The International Network of Investigative Journalists (ICIJ) wants to make it easier for its more than 200 members in 70 countries to collaborate via the Internet and analyze extensive data packages using data mining techniques. The Spring Laboratory of the École Polytechnique Fédérale de Lausanne (EPFL) commissioned by the consortium developed with the “Datashare Network” a “completely anonymous decentralized research and information exchange system” for this purpose.
Don’t miss any news! With our daily newsletter you will receive all heise online news from the past 24 hours every morning.

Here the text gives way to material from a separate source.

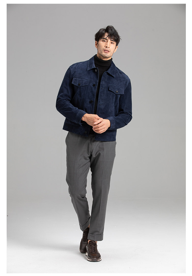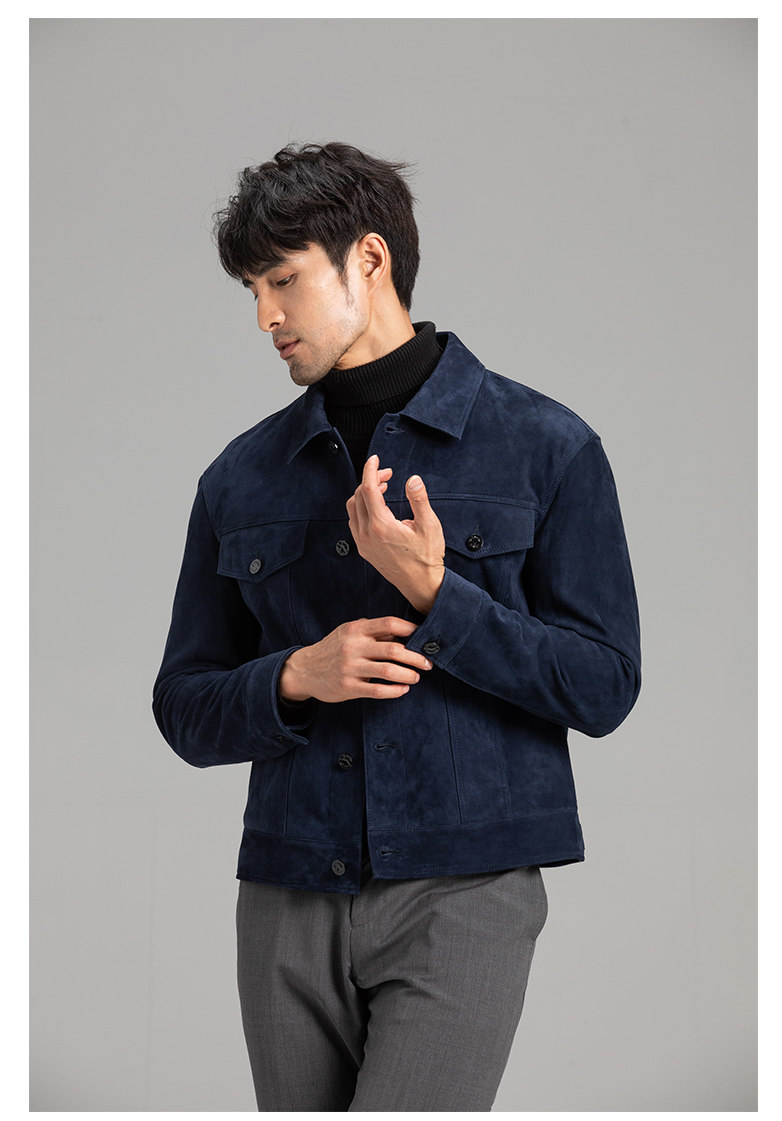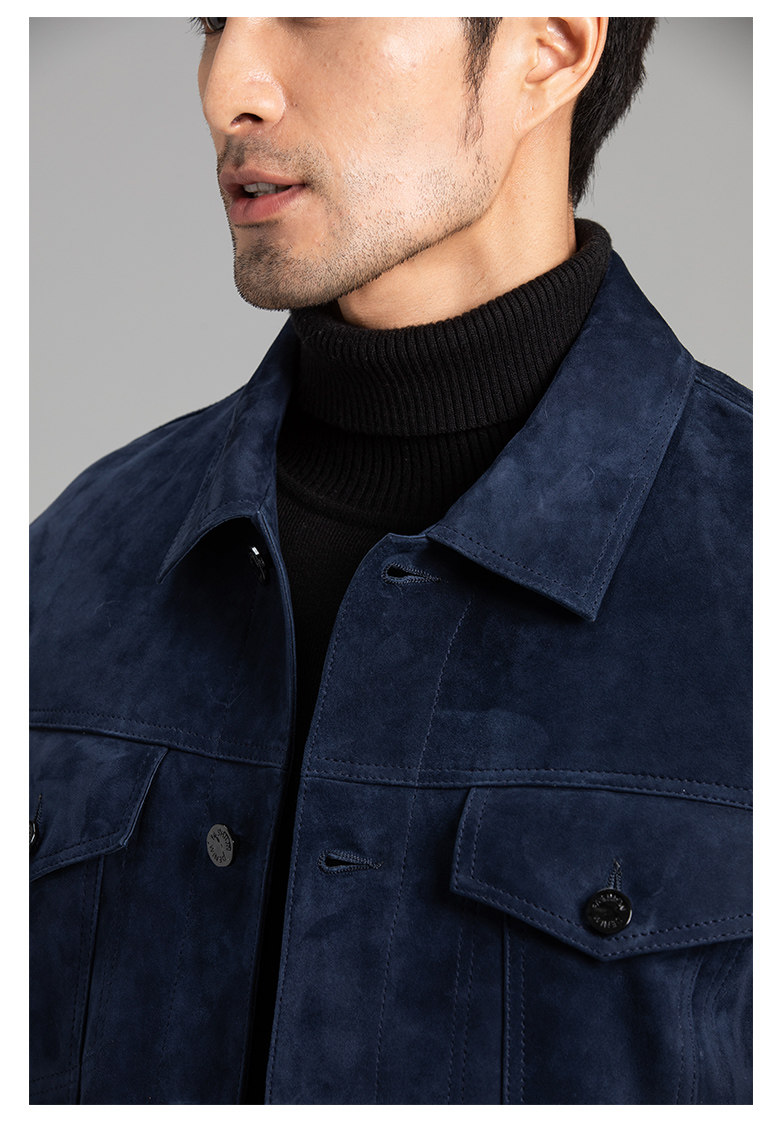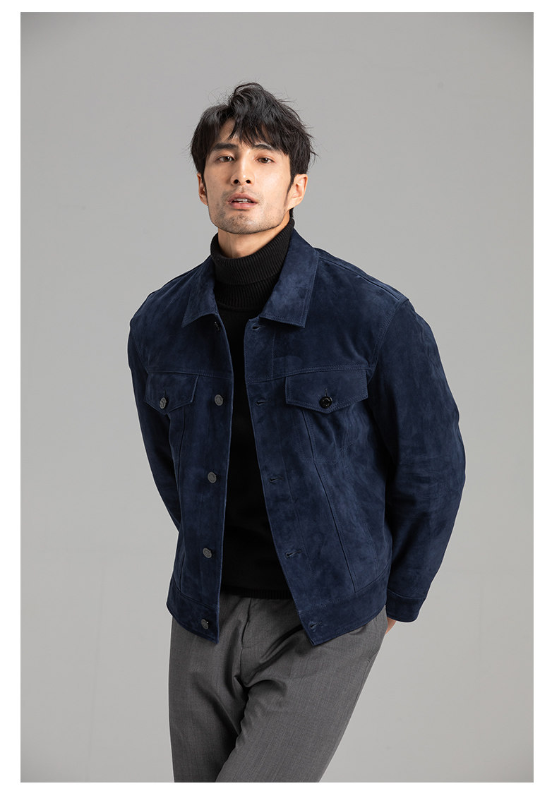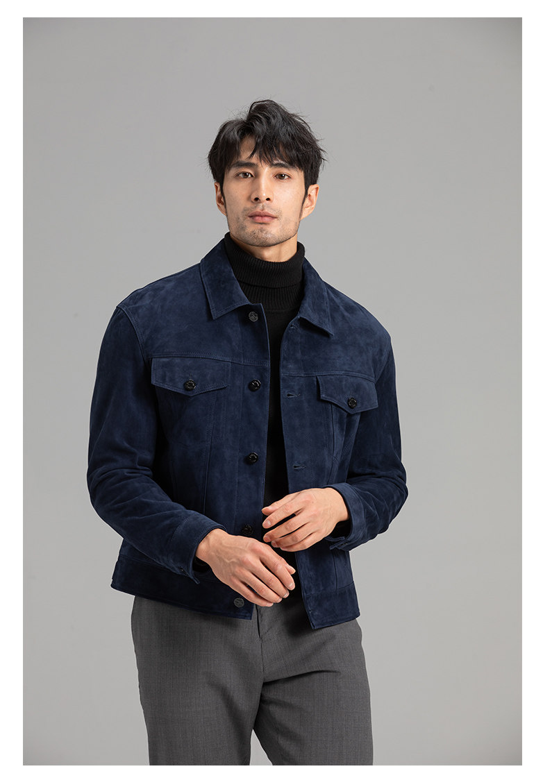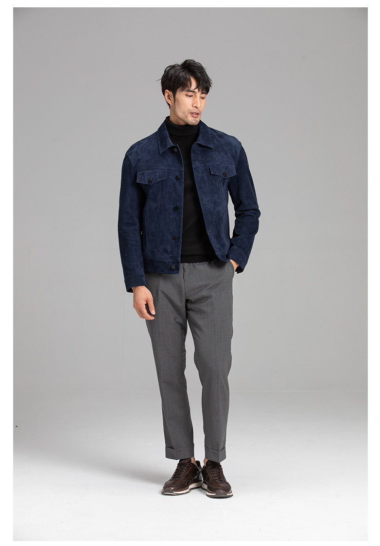 Tf Style Imported Mixed Goat Leather Suede Denim Leather Jacket Genuine Leather Coat Men's Casual Fashion

Subscribe to the newsletter now
It has made a name for itself ICIJ especially since 2013, when it launched 260 gigabytes of data about the pullers and beneficiaries of tax havens with the joint operation “Offshore Leaks”. Later, involved media such as the Süddeutsche Zeitung or the NDR with the Panama and the Paradise Papers revealed the existence of several hundred thousand mock societies, in which personalities from art, politics, business, including the IT industry and sports, were among the shareholders.
Principle of anonymity
Only thanks to international cooperation is it possible to conduct such investigations with millions of leaked documents, emphasizes the head of the consortium, Gerard Ryle. A leak would also endanger the safety of journalists and witnesses. Core element of the decentralized search engine is therefore anonymity. “Both the research and the exchange of information can be done without disclosing the identity to colleagues or the organization,” it says. The ICIJ guarantees the functioning of the system, but has “no insight into the exchange actions”.
According to the EPFL, the network is based on virtual tokens “that journalists attach to their messages and documents in order to guarantee other people that they belong to the consortium”. A central administration store was out of the question because it would be too obvious a target for hackers. Because the organization does not have decentralized servers for all of its areas of responsibility, the documents remained on the members’ hosts or computers. The users only stored essential basic and meta information in the system and thus enabled other participants to join an analysis.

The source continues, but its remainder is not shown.